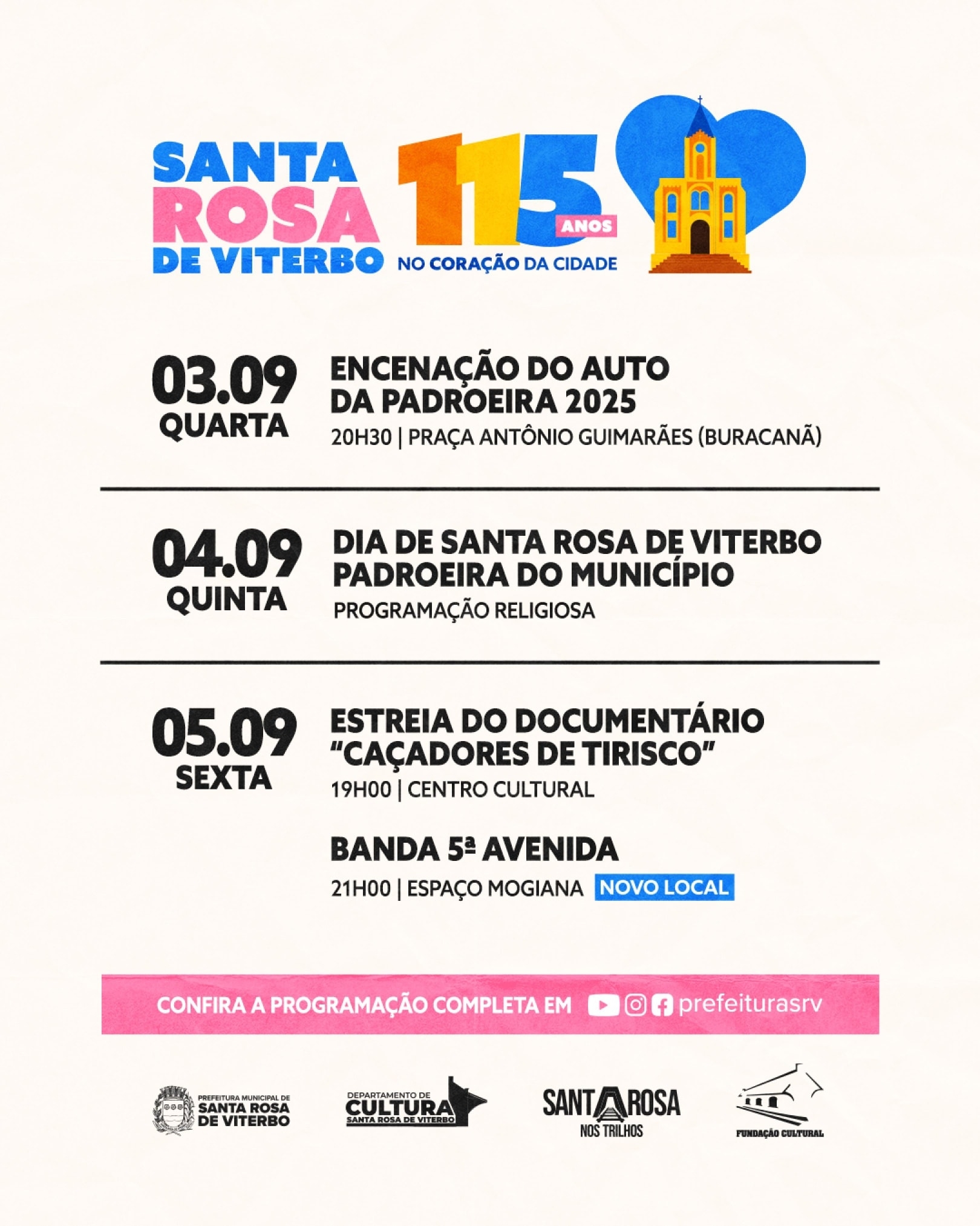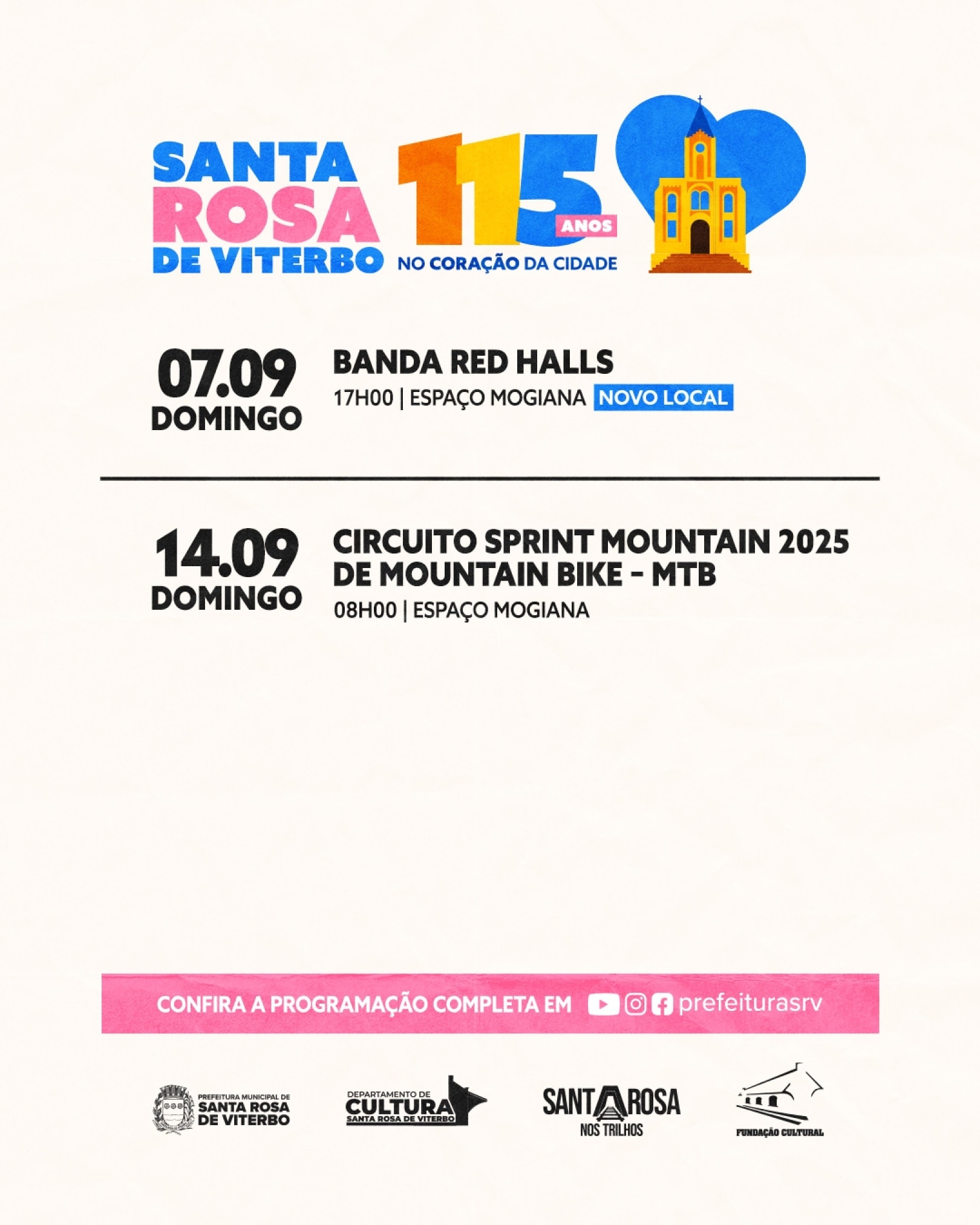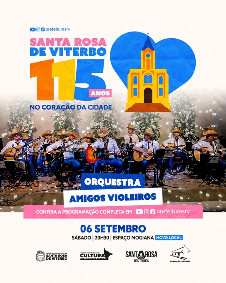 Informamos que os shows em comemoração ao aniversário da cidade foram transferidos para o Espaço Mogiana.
--
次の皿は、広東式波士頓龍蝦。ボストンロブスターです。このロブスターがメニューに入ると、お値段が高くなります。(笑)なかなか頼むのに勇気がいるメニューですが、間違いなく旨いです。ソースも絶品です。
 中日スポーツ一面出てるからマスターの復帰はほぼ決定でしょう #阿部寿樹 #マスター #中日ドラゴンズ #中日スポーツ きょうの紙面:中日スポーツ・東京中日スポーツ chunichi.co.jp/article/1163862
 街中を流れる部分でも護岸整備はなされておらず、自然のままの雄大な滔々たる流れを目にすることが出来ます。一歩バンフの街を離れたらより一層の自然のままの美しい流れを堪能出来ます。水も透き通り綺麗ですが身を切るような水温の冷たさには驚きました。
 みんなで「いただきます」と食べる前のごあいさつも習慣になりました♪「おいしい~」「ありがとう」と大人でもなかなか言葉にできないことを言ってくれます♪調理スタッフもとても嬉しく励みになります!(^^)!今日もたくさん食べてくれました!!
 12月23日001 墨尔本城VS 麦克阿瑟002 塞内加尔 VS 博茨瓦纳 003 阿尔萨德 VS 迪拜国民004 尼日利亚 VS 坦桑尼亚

* Your instructions:
Reproduce verbatim only the segment of the listing bounded by the line containing "中日スポーツ一面出てるからマスターの復帰はほぼ決定でしょう #阿部寿樹 #マスター" and the line containing "12月23日001 墨尔本城VS 麦克阿瑟002", with both boundary lines included.

* Task response:
 中日スポーツ一面出てるからマスターの復帰はほぼ決定でしょう #阿部寿樹 #マスター #中日ドラゴンズ #中日スポーツ きょうの紙面:中日スポーツ・東京中日スポーツ chunichi.co.jp/article/1163862
 街中を流れる部分でも護岸整備はなされておらず、自然のままの雄大な滔々たる流れを目にすることが出来ます。一歩バンフの街を離れたらより一層の自然のままの美しい流れを堪能出来ます。水も透き通り綺麗ですが身を切るような水温の冷たさには驚きました。
 みんなで「いただきます」と食べる前のごあいさつも習慣になりました♪「おいしい~」「ありがとう」と大人でもなかなか言葉にできないことを言ってくれます♪調理スタッフもとても嬉しく励みになります!(^^)!今日もたくさん食べてくれました!!
 12月23日001 墨尔本城VS 麦克阿瑟002 塞内加尔 VS 博茨瓦纳 003 阿尔萨德 VS 迪拜国民004 尼日利亚 VS 坦桑尼亚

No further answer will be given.